* **Aim of the exercise**
Skip pictures in the listing below; copy exactly the lines from the one with "Guns N' Roses |" through the one with "Keywords: Capacité thermique", inclusive.

========

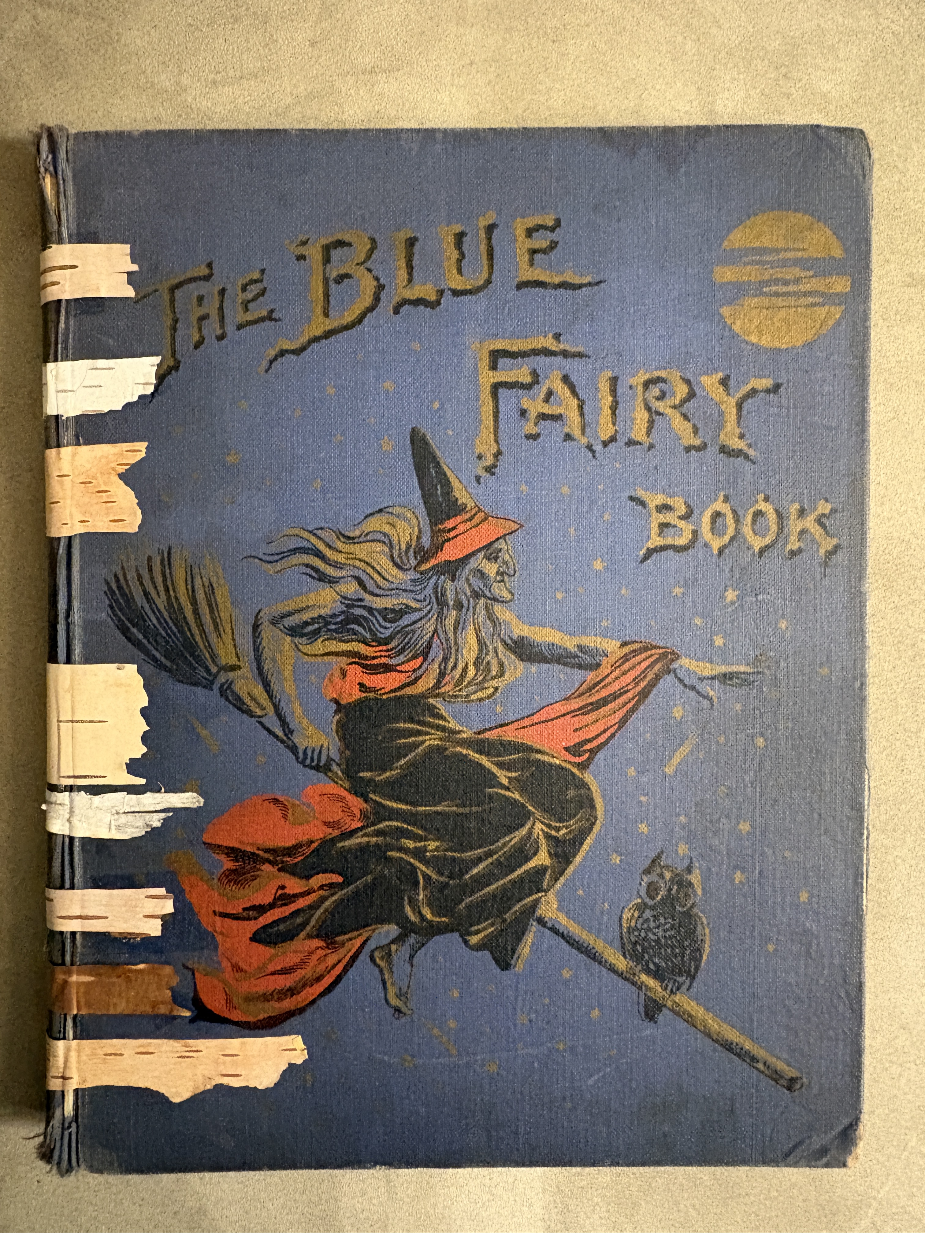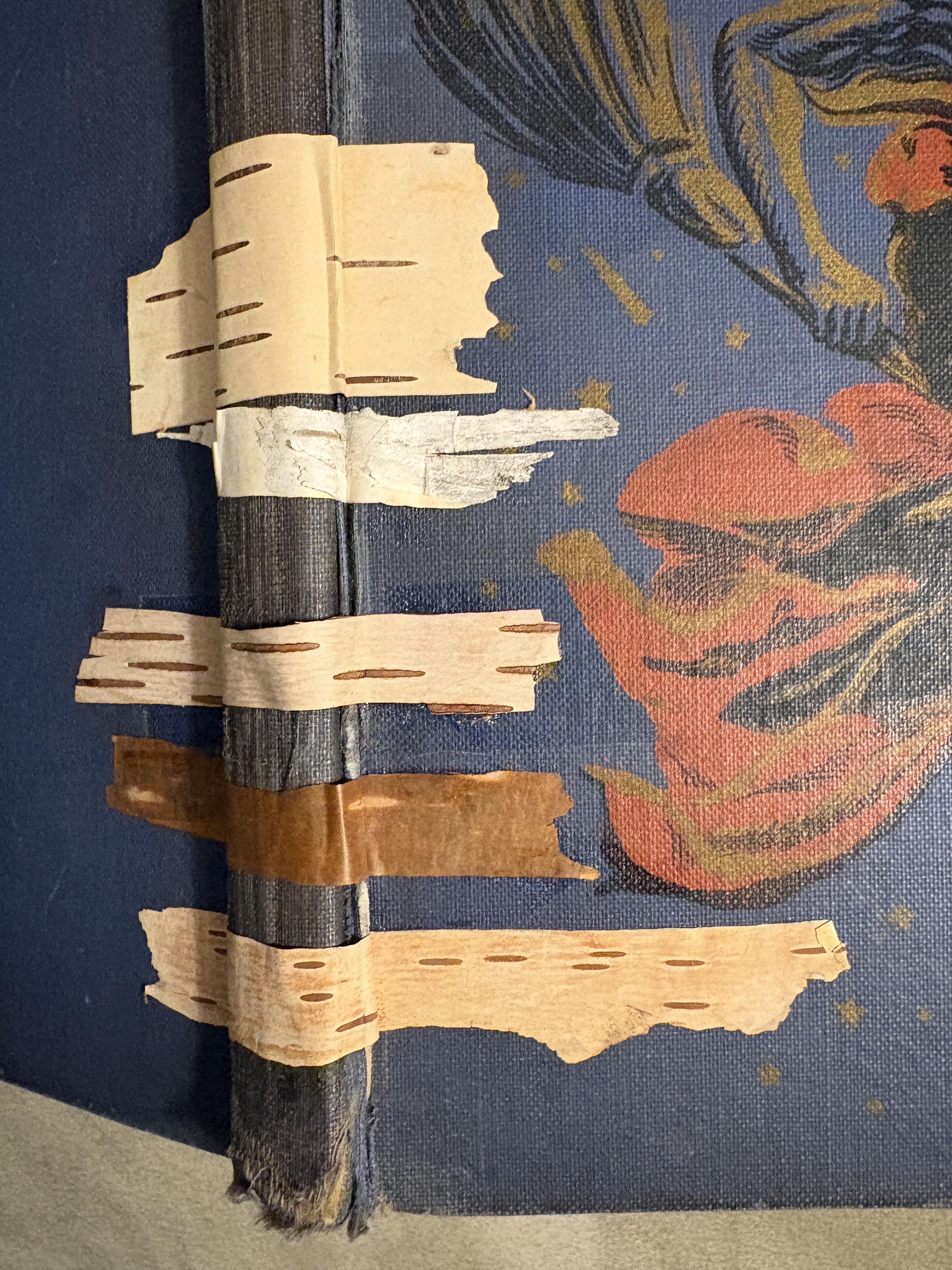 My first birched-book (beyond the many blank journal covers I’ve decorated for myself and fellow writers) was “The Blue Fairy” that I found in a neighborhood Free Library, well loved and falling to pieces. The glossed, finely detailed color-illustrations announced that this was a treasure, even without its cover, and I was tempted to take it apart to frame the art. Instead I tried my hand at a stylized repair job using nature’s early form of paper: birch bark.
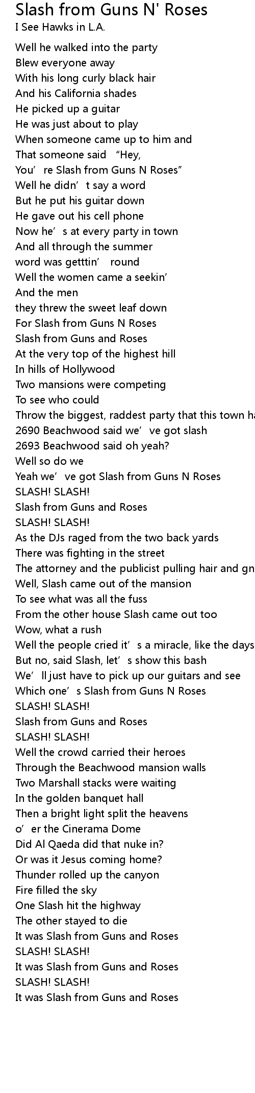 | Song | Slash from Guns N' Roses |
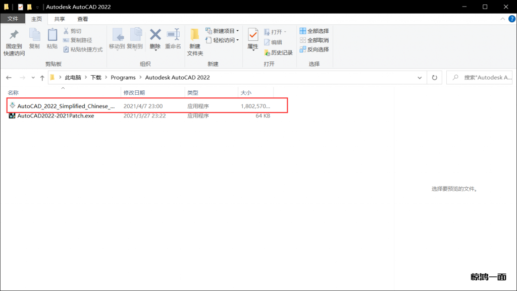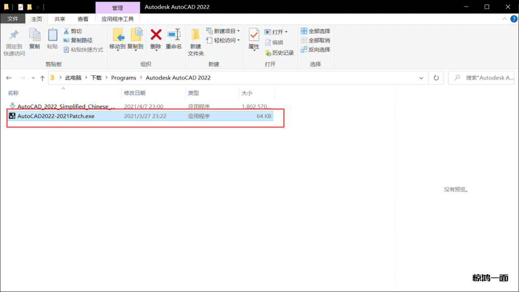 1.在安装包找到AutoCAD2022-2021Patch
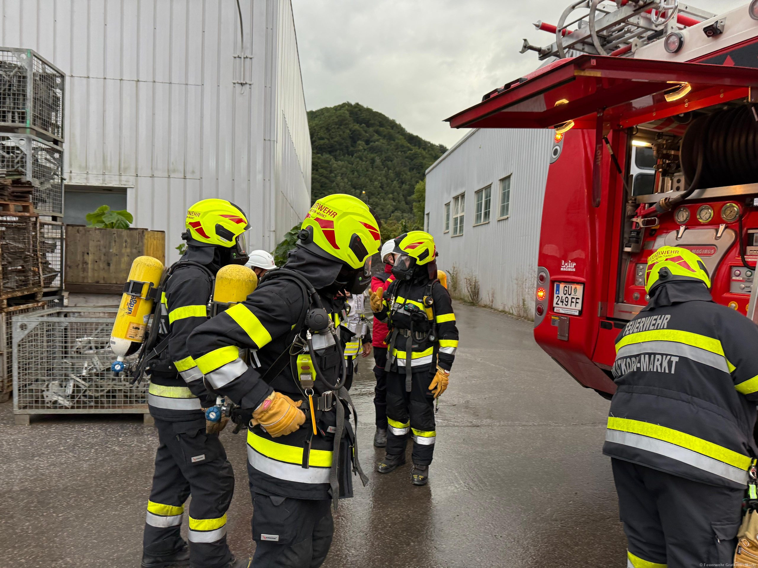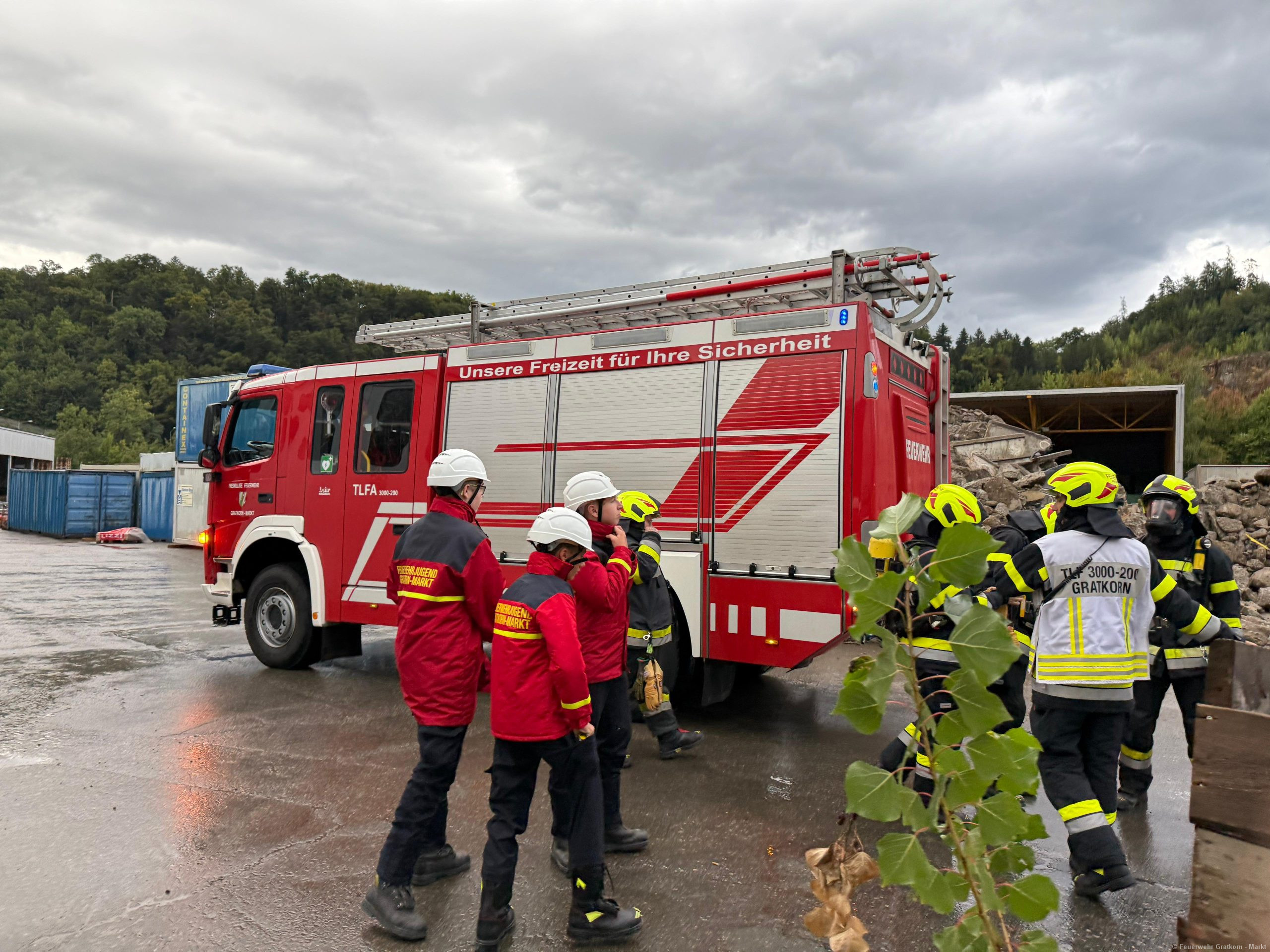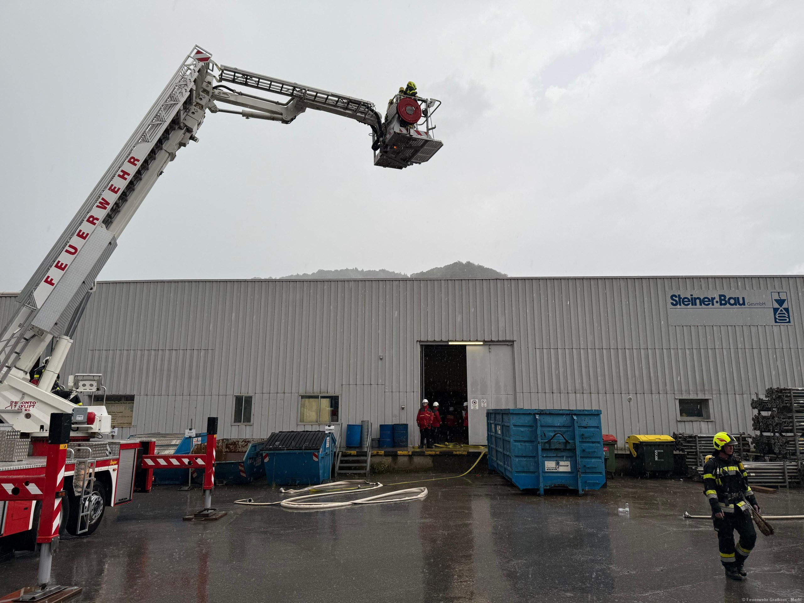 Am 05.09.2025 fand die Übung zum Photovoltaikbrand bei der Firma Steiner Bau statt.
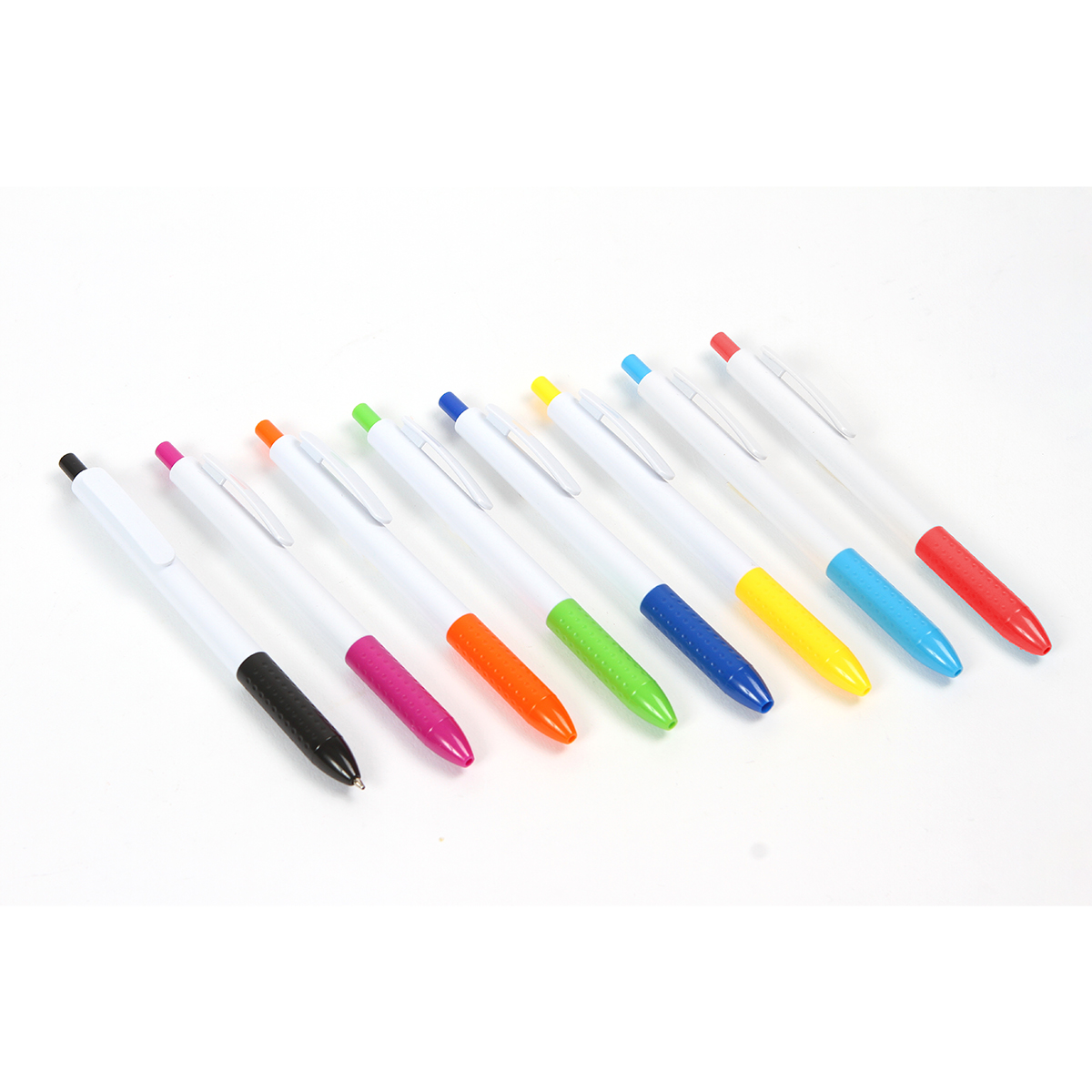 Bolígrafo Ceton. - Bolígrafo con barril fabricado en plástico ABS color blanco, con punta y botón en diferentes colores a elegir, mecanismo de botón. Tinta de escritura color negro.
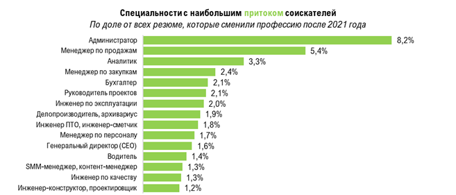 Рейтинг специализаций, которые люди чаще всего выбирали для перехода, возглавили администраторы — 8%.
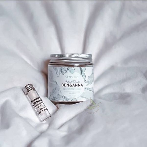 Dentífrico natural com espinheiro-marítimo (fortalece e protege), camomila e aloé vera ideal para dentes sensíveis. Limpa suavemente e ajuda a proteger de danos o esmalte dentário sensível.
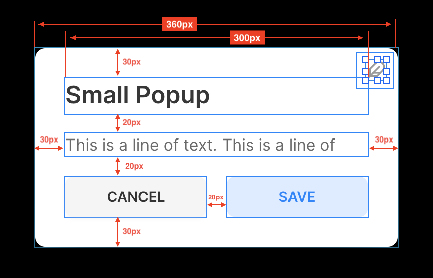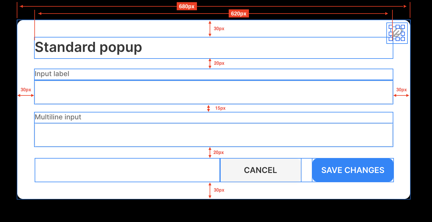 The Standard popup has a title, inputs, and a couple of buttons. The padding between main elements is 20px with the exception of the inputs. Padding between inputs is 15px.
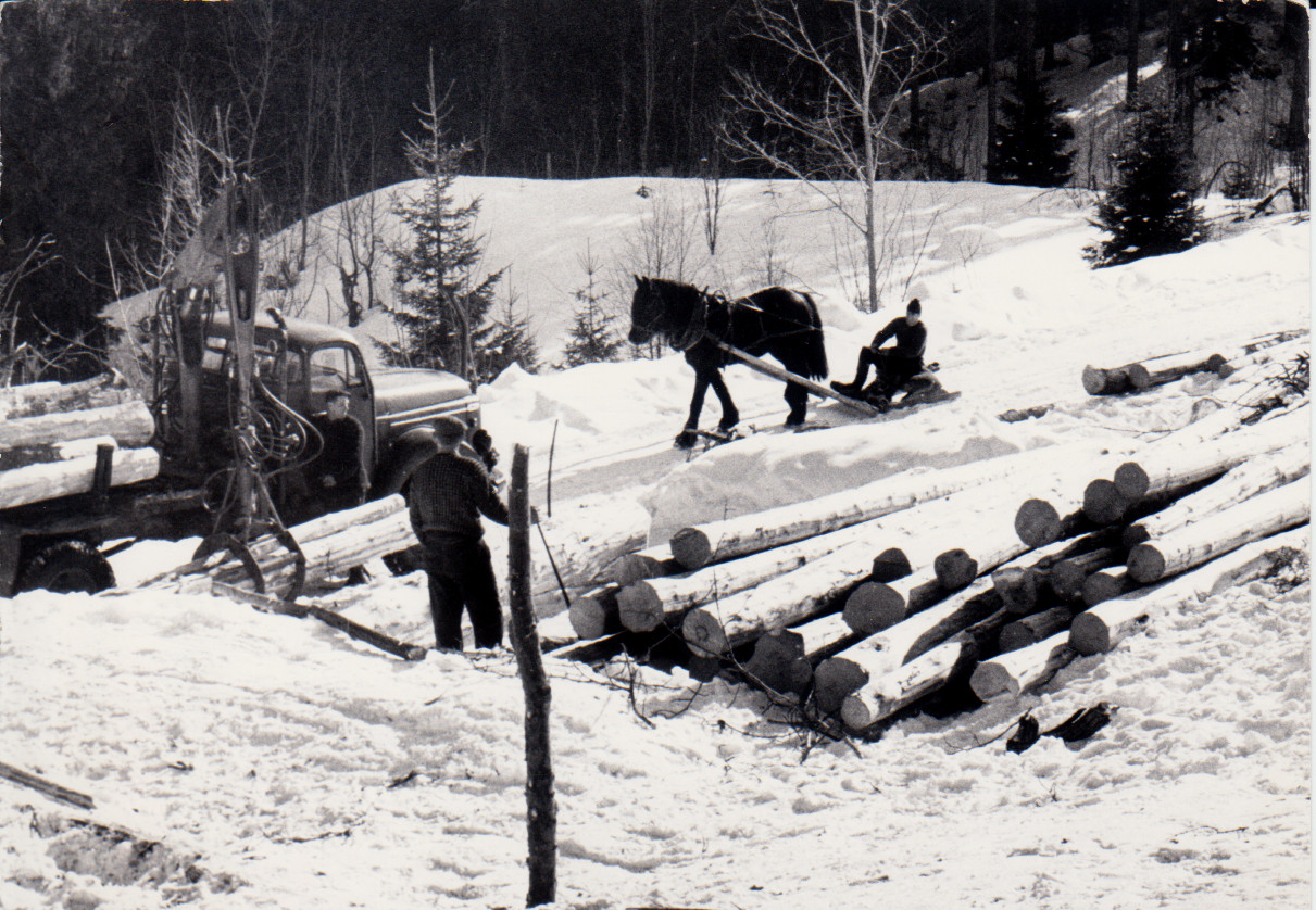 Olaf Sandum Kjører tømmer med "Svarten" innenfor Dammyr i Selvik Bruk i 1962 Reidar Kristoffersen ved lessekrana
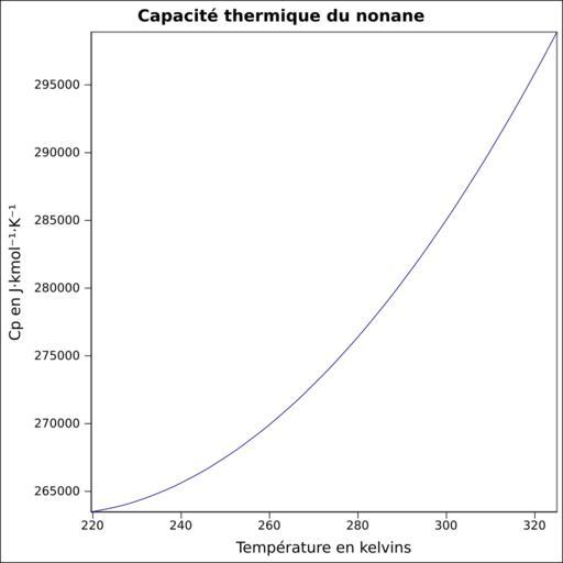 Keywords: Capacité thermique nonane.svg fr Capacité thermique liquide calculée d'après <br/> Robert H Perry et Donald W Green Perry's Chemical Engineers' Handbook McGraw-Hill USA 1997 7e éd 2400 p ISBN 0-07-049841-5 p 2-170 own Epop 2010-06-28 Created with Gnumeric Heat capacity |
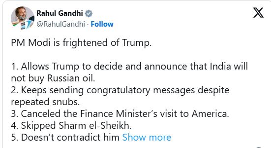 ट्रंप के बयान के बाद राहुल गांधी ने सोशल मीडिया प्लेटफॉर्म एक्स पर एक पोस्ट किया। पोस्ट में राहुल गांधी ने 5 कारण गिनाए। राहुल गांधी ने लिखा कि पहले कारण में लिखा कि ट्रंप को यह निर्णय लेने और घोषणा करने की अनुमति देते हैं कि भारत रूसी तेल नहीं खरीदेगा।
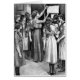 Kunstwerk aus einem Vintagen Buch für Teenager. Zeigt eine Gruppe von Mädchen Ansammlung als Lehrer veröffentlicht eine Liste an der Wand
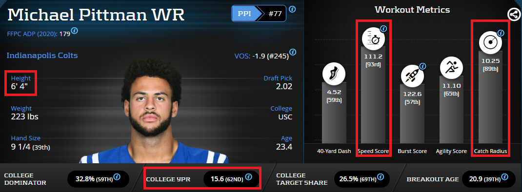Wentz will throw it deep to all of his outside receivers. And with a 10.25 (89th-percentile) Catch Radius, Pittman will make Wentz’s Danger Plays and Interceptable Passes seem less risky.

========

* **Solution to the exercise**
 | Song | Slash from Guns N' Roses |
 1.在安装包找到AutoCAD2022-2021Patch
 Am 05.09.2025 fand die Übung zum Photovoltaikbrand bei der Firma Steiner Bau statt.
 Bolígrafo Ceton. - Bolígrafo con barril fabricado en plástico ABS color blanco, con punta y botón en diferentes colores a elegir, mecanismo de botón. Tinta de escritura color negro.
 Рейтинг специализаций, которые люди чаще всего выбирали для перехода, возглавили администраторы — 8%.
 Dentífrico natural com espinheiro-marítimo (fortalece e protege), camomila e aloé vera ideal para dentes sensíveis. Limpa suavemente e ajuda a proteger de danos o esmalte dentário sensível.
 The Standard popup has a title, inputs, and a couple of buttons. The padding between main elements is 20px with the exception of the inputs. Padding between inputs is 15px.
 Olaf Sandum Kjører tømmer med "Svarten" innenfor Dammyr i Selvik Bruk i 1962 Reidar Kristoffersen ved lessekrana
 Keywords: Capacité thermique nonane.svg fr Capacité thermique liquide calculée d'après <br/> Robert H Perry et Donald W Green Perry's Chemical Engineers' Handbook McGraw-Hill USA 1997 7e éd 2400 p ISBN 0-07-049841-5 p 2-170 own Epop 2010-06-28 Created with Gnumeric Heat capacity |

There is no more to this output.